A weaker U.S. dollar has also helped paint the bullish picture; and with a rally today, gold will extend its winning streak to nine trading sessions – a nine-month high for the precious metal. Gold traded as high as $1,007.70 an ounce yesterday, the highest price since March 2008.
“The dollar remains the key factor determining gold’s direction,” Pradeep Unni, an analyst at Richcomm Global Services in Dubai, said in an analyst report. “If the dollar continues to be pressured by investors selling it to buy riskier assets, bullion could extend gains. If gold can keep above $1,000 this week, it may pave the way for a test of the record.”

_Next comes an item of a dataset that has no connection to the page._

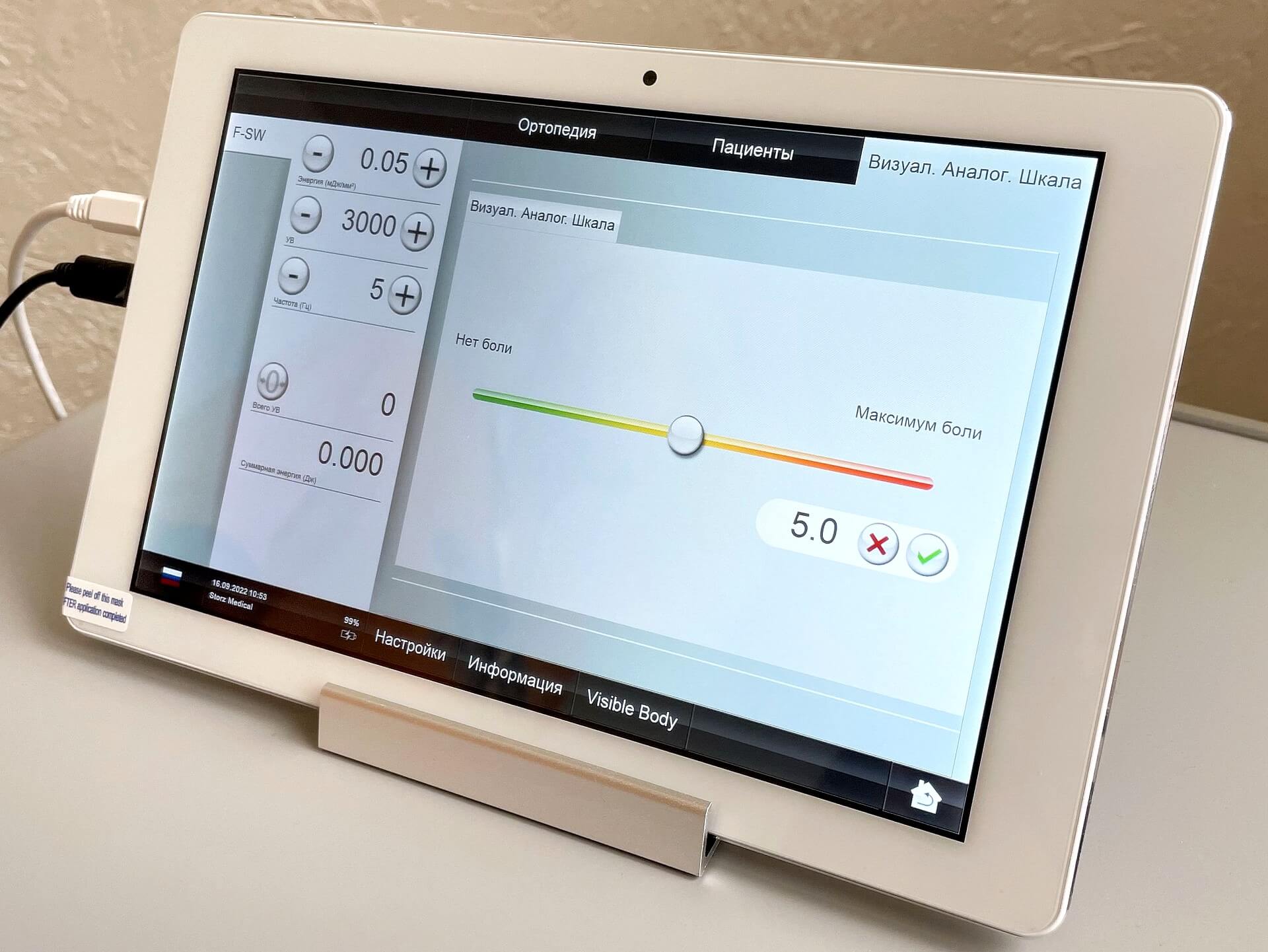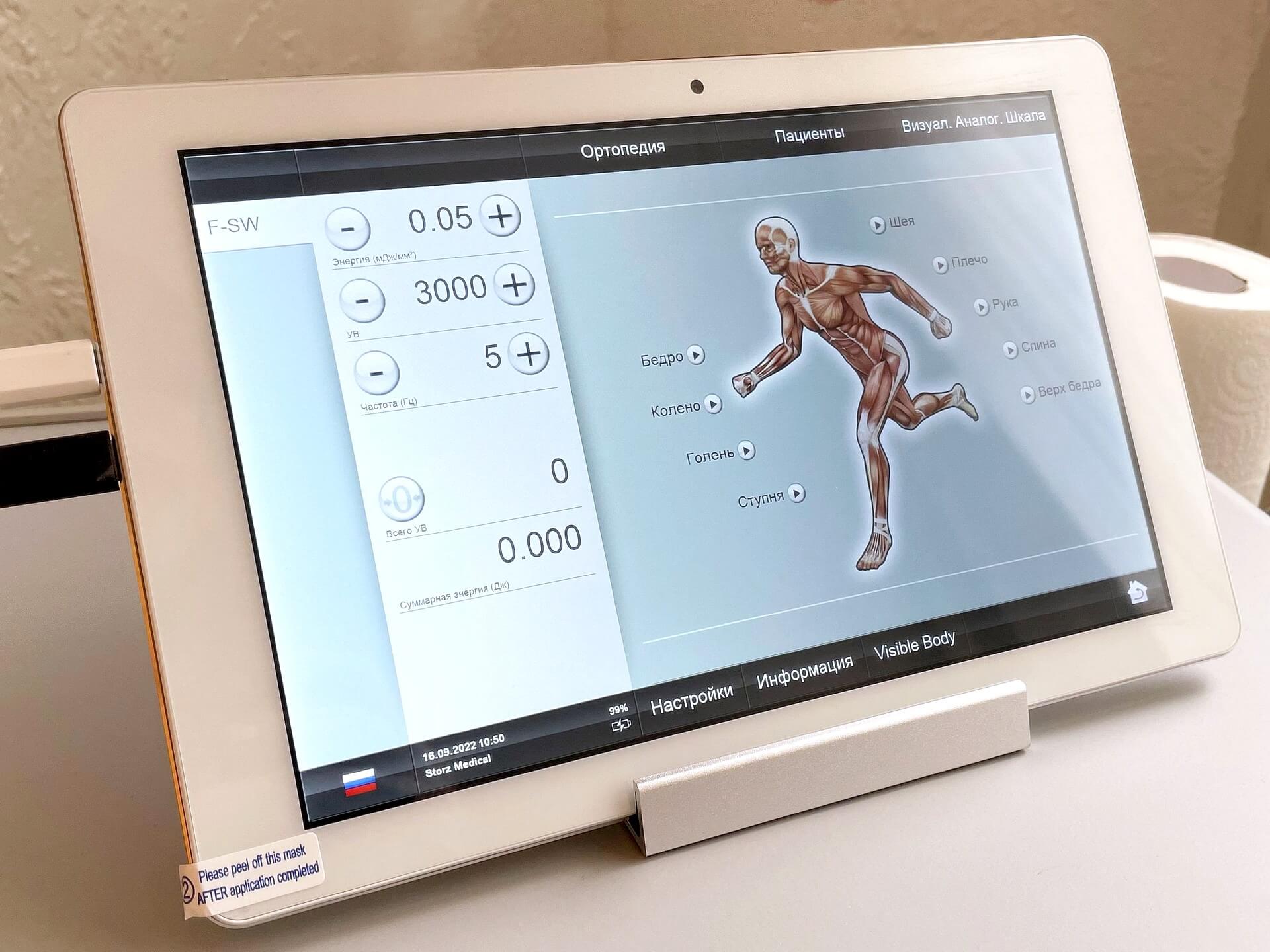 Для удобства специалиста УВТ система оснащена сенсорной панелью управления и эргономичными аппликаторами. Все основные параметры (мощность, частота удара) выводятся на монитор, что делает процедуру абсолютно управляемой и безопасной. 35 интегрированных лечебных программ, возможности сохранения данных и ведения историй пациентов дополнительно облегчают работу врача.

The run-up in gold prices can also be attributed to the popularity of gold ETFs, otherwise known as Exchange Traded Funds. According to UBS, gold ETF holdings have surged 42% globally, or 16 million ounces, since the beginning of 2009 as investors flock toward tangible assets amid inflationary fears. The ETFs now hold a total of 54.23 million ounces of gold, close to last year’s total world production.
“Clearly part of this [run-up in gold] is concern about further weakness in the dollar,” said Daniel Smith, an analyst at Standard Chartered to Reuters. “People are piling into gold in all sorts of different ways, both consumers and investors.”
Smith added that a more cautious tone to the wider markets, after a rally in asset prices over the summer months, and expectations China may move to diversify its foreign exchange holdings away from the dollar were also lending support to the precious metal.
“Our view is that [gold] will keep pushing higher over the next few weeks and toward the end of the year, and that it will actually break through the previous high,” he said.
Barrick Gold Cuts Hedges
Gold prices also rallied yesterday off of an announcement from the world’s largest gold miner, Barrick Gold, that it plans to eliminate its outstanding fixed-price gold hedges and a proportion of its floating hedges.
According to Reuters, miners used to hedge by selling forward their unmined production as a means to lock in prices. However, as prices have risen in recent years, they have tended to de-hedge, or cut back their hedged positions, to take advantage of price gains.
Barrick (ABX:NYSE) also added that it plans to record $5.6 billion in third-quarter costs to eliminate the hedges as it bets that bullion prices will climb. The company said it had contracts for 9.5 million ounces of gold as of Sept. 7.